Designing your root cellar starts with some thought of what it will be used for.
Wine and beer storage?
A place to store your homegrown beets, carrots and potatoes?
Or just a catch all for anything to do with food, like canned and bottled preserves, the jars themselves, or where you put all your wine making gear.
Whatever you decide for its purpose will dictate the shelves or racks you build or buy.
The easiest construction technique is to use plywood for shelves, with two by four lumber to make racks to hold the shelves.
Measure whatever it is that you'll store here, and make the shelves deep enough to hold that item - nothing is worse than finding that your shelf is two inches too shallow for jars and bottles of wine and preserves.
Bins can be simply Rubbermaid totes.
If you're using these for root vegetables, drill a few holes in them to drain out any moisture, and allow air flow.

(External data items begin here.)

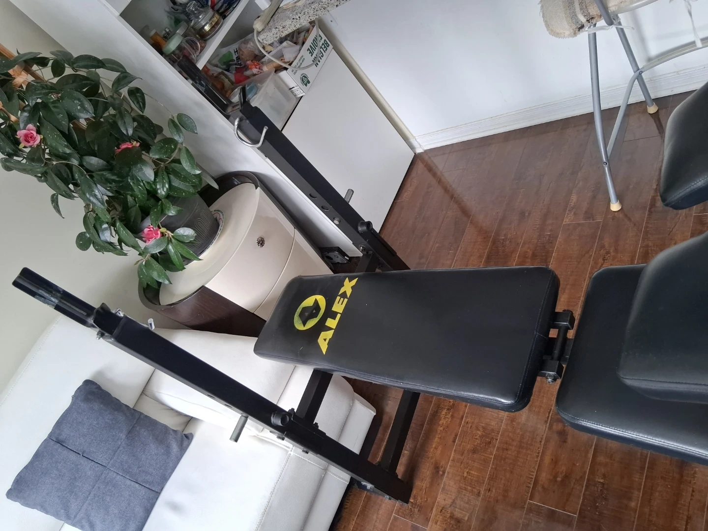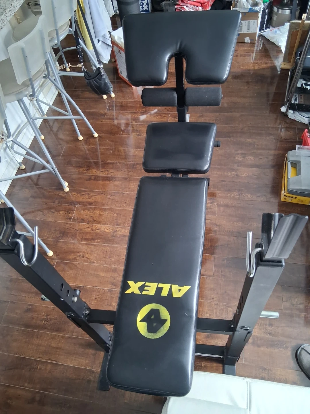 Alex weight bench for your home gym. It's black with yellow branding. Offers adjustable back and leg support. Pu near jane st and rutherford rd vaughan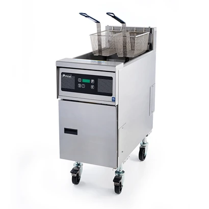 Фритюрница Pitco SFSE14X с автоматическим подъемом корзины. Одна ванна. Двухступенчатая система фильтрации, что позволяет увеличивать интервалы между заменами масла. Электронное управление с цифровым контроллером. Система предупредит о низком уровне масла и необходимости менять фильтр, фиксирует количество часов работы на одном масле, позволяет устанавливать время и температуру. Все компоненты оборудования, включая нагревательный элемент, находятся спереди. Это облегчает обслуживание.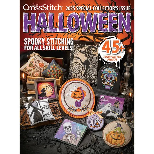 Halloween 2025 Issue is loaded with over 45 creepy, creative projects. From ornaments to bookmarks and wall art to decorative pillows, there is a frightfully fun project for every level of cross-stitcher.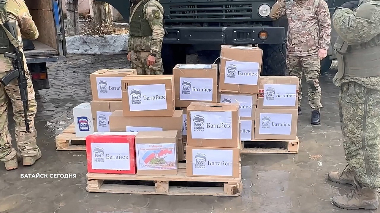 Продукты , медикаменты, вода, подарочные наборы, а также угощения от батайских семей - в местном отделении Единой России собрали и передали на фронт гуманитарный груз для бойцов СВО из казачьей бригады "Дон".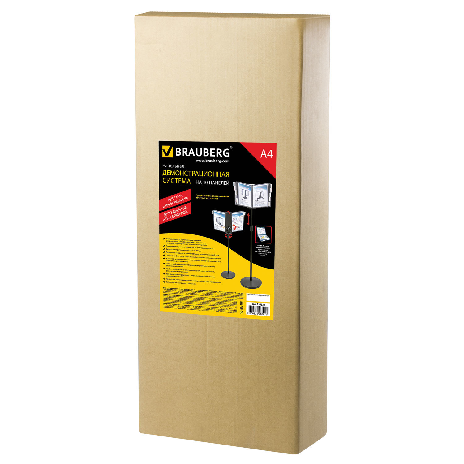 - Демосистема напольная на 10 панелей, с 10 серыми панелями А4, BRAUBERG, 235339
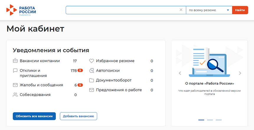 - В личном кабинете: смотреть, кто заинтересовался вакансией, знакомиться с резюме кандидата, вести переписку, отправить приглашение на собеседование.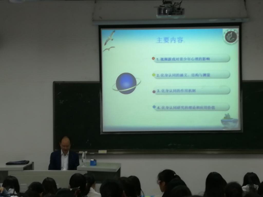 报告伊始,李老师展示了一些游戏的图片,询问在场的学生是否玩过这些游戏。进而通过举例的方式,从视频游戏对青少年心理的影响、化身认同的涵义、化身认同的结构与测量、化身认同的作用机制、化身认同研究的理论和应用价值等五个方面展开论述。他强调,随着信息化时代的发展,网络暴力游戏对青少年的心理危害不容忽视,并深度解析了视频游戏对青少年的影响,探索了青少年的真实心理,进而讲述了个人与化身认同的关系、化身认同的影响及自我认同的重要性。学生听讲认真,受益匪浅。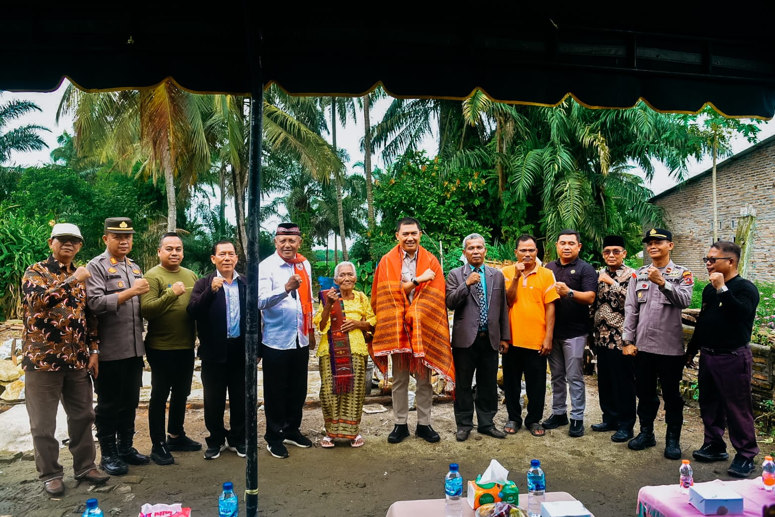Sebagai bentuk Pengormatan dan rasyasukur ,Keluarga Nainggolan memberikan Kain ulos kepada Pj.Bupati Heri Marpaung sebelum acara Peletakan batu Pertama dimulai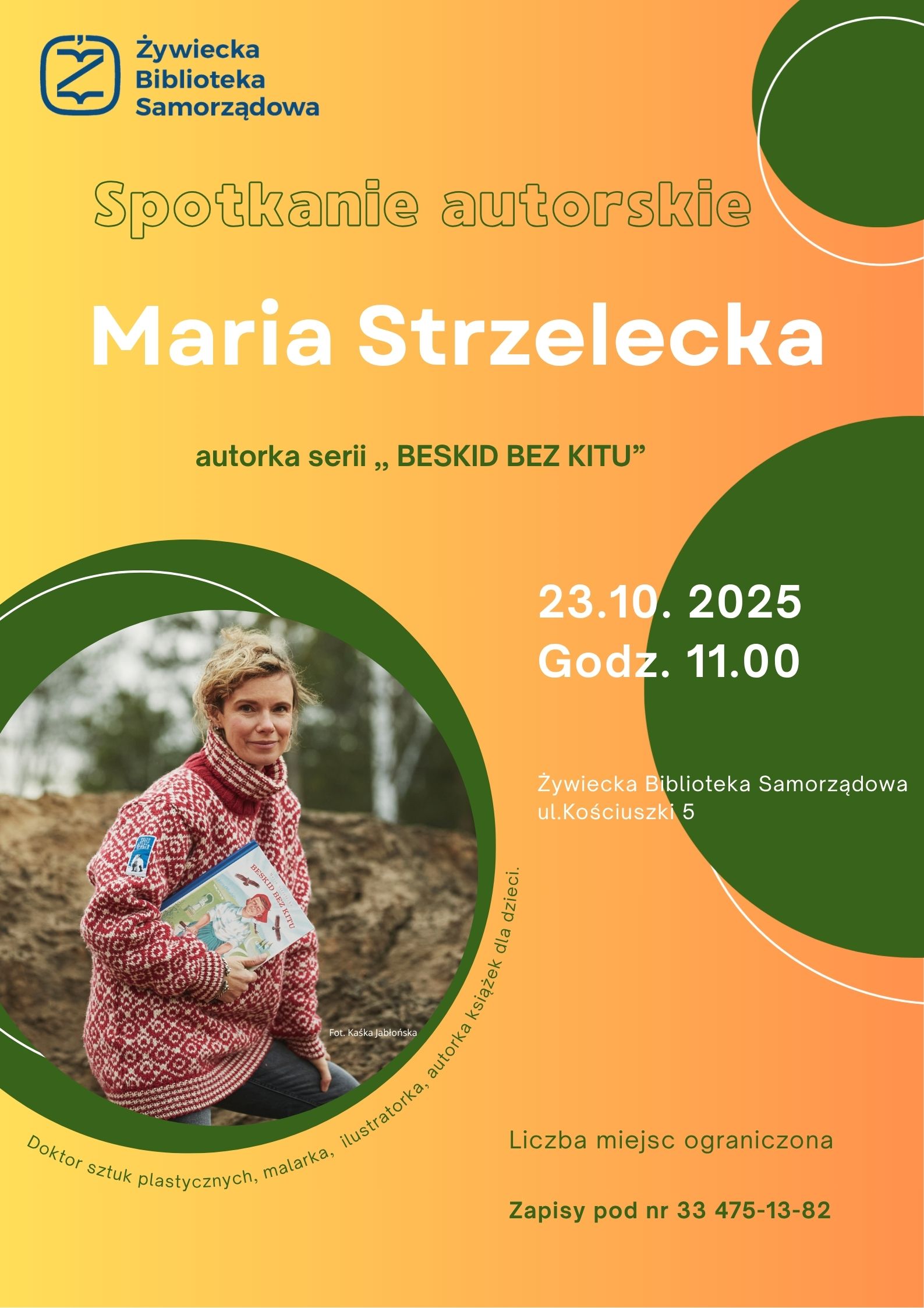23.10/godz. 11.00 spotkanie dla dzieci z Marią Strzelecką, doktorem sztuk plastycznych, malarką, ilustratorką i autorką książek dla dzieci, w tym z serii "Beskid bez kitu" ???? zapisy pod nr ☎️ 33 475 13 82.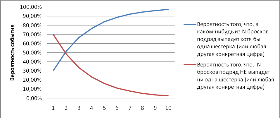 b) Какова вероятность того, что в двух бросках подряд выпадет хотя бы одна шестерка? Вероятность НЕ выпадения шестерки в 2 бросках подряд 48,23% (см. выше). Отсюда получаем, что вероятность выпадения хотя бы одной шестерки в хотя бы одном из двух подряд бросков равна 100%-48,23%= 51,77% c) Какова вероятность того, что N бросков подряд ни разу НЕ выпадет шестерка? Вероятность НЕ выпадения шестерки в каждом броске равна 25/36. Значит, в N бросках НЕ выпадение будет равно (25/36)^ N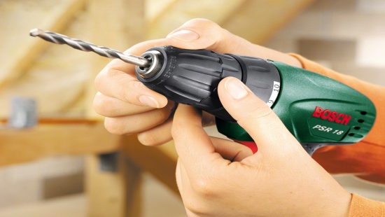 Аккумуляторная дрель-шуруповерт BOSCH PSR 18 (603955320) Используется для сверления отверстий в деревянных и металлических изделиях, или для работы в качестве шуруповерта Особенности: Функция реверса Высокопроизводительный двигатель 18 В Двухкулачковый быстрозажимной сверлильный патрон «Click» 10-ступенчатая установка крутящего момента + ступень для сверления Резиновые накладки на рукоятке для удобного хвата Встроенный в корпус светодиод для подсветки рабочей зоны Электронная регулировка частоты вращения Блокировка клавиши включателя от случайного включения В корпус встроена ниша для хранения бит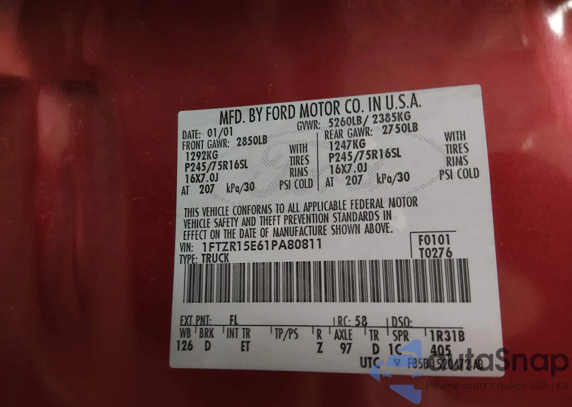 • VIN 1FTZR15E61PA80811

The plastic they're made of is easy to clean (always a plus) and the lids fit tightly enough to keep out bugs and vermin.
Plus, they're stackable! Get various sizes so you conserve space.
Keep in mind that mice love places where food is stored, especially if you're leaving it alone for long periods of time. Either make the bins unchewable, or line everything with mesh to prevent them getting in.
If mice do decide to set up house, these mousetraps do the best job of trapping them.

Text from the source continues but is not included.